**Work to complete:**
Give the lines below again exactly, starting with the line that holds "T series: the" and going on through the line that holds "Fig. 4. Freedom".

Data extracted from a collection:
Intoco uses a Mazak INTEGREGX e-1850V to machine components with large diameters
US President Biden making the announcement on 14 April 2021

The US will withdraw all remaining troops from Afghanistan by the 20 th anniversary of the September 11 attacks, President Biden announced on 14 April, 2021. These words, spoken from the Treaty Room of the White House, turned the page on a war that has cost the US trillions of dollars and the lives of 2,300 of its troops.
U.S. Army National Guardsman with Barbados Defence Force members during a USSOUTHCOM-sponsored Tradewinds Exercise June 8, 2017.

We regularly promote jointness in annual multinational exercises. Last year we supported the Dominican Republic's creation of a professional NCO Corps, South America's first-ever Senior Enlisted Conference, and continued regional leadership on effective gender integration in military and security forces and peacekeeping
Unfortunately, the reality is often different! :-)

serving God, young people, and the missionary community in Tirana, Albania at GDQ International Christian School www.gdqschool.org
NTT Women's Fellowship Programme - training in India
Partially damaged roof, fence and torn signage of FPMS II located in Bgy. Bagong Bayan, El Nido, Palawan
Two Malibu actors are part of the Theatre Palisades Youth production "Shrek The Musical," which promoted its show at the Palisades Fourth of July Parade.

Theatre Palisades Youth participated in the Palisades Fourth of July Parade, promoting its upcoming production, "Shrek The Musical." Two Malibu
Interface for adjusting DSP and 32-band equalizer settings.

--

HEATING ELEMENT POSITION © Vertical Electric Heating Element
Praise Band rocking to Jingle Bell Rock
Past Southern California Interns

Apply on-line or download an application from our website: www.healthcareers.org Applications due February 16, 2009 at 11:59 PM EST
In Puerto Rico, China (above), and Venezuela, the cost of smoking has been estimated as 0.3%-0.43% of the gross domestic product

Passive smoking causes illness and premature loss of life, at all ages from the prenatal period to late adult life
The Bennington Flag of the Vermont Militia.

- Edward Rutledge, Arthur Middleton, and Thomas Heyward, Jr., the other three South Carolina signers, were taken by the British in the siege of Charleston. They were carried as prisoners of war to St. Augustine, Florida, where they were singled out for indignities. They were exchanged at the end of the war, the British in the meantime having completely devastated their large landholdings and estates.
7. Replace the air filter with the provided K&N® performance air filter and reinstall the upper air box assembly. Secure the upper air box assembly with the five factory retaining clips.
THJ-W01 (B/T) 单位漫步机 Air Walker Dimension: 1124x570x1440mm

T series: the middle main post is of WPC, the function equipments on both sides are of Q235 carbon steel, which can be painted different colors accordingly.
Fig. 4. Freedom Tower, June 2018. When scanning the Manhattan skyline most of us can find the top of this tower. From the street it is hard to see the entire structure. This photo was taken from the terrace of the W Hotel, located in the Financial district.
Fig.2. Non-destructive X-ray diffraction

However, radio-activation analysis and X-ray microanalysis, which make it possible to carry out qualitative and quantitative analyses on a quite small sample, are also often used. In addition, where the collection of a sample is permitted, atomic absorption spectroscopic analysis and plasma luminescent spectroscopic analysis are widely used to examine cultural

**Written reply:**
T series: the middle main post is of WPC, the function equipments on both sides are of Q235 carbon steel, which can be painted different colors accordingly.
Fig. 4. Freedom Tower, June 2018. When scanning the Manhattan skyline most of us can find the top of this tower. From the street it is hard to see the entire structure. This photo was taken from the terrace of the W Hotel, located in the Financial district.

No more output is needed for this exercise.